Under Article 246 of the Revised Penal Code (hereafter the Code), the crime of parricide is punishable by reclusion perpetua to death. Since
the penalty for the crime of parricide is composed of two indivisible penalties (reclusion perpetua to death), the imposition of the proper
indivisible penalty on appellant is governed by Article 63 of the Code which provides:

Article 63. Rules for the application of indivisible penalties.

xxx xxx xxx


In all cases in which the law prescribes a penalty composed of two indivisible penalties the following rules shall be observed in the application
thereof:

1.When in the commission of the deed there is present only one aggravating circumstance, the greater penalty shall be applied.

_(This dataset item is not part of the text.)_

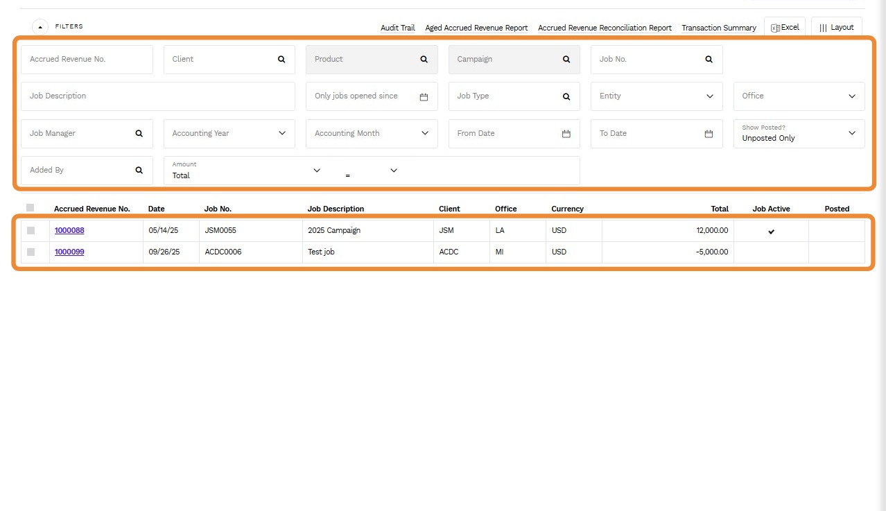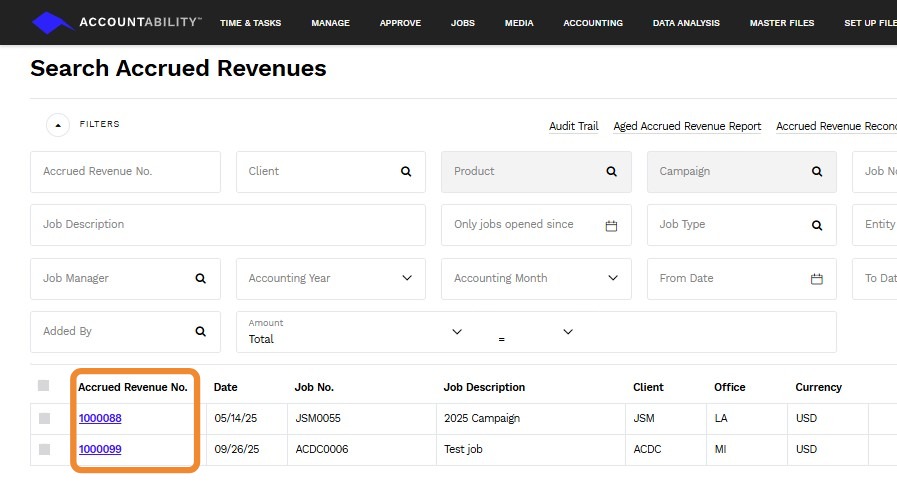 2. Use the Filters to narrow down your search, or scroll through the list of Accrued Revenue No.

2.When there are neither mitigating nor aggravating circumstances in the commission of the deed, the lesser penalty shall be applied.

3.When the commission of the act is attended by some mitigating circumstance and there is no aggravating circumstance, the lesser
penalty shall be applied.

4.When both mitigating and aggravating circumstances attended the commission of the act, the courts shall reasonably allow them to
offset one another in consideration of their number and importance, for the purpose of applying the penalty in accordance with the
preceding rules, according to the result of such compensation.

To determine the proper penalty, it must first be determined whether or not there is aggravating or mitigating circumstance. In this case, no
aggravating circumstances were alleged in the information. Thus, no aggravating circumstances can be appreciated against the appellant. With
regard to the presence of any mitigating circumstances, Court held that the appellant is entitled to the mitigating circumstance of voluntary
confession of guilt.

Under Article 13 (7) of the Revised Penal Code provides that an accused is entitled to the mitigating circumstance of voluntary confession of guilty
if “he had voluntarily confessed his guilt before the court prior to the presentation of evidence by the prosecution.” The following requisites must
concur: (1) the accused spontaneously confessed his guilt; (2) the confession of guilt was made in open court, that is, before a competent court
trying the case; and (3) the confession of guilt was made prior to the presentation of evidence by the prosecution
In this case, appellant made his confession of guilt before the presentation of evidence by the prosecution since he pleaded guilty during the
arraignment. The appellant also confessed voluntarily and spontaneously despite knowing the serious nature of the charge against him. Lastly,
appellant made his confession openly, that is, before the judge and the parties in a hearing. Clearly therefore, all the requisites of the mitigating
circumstance of voluntary confession were present.

Since there is there is mitigating circumstance and no aggravating circumstance, a lesser penalty shall be imposed which reclusion perpetua.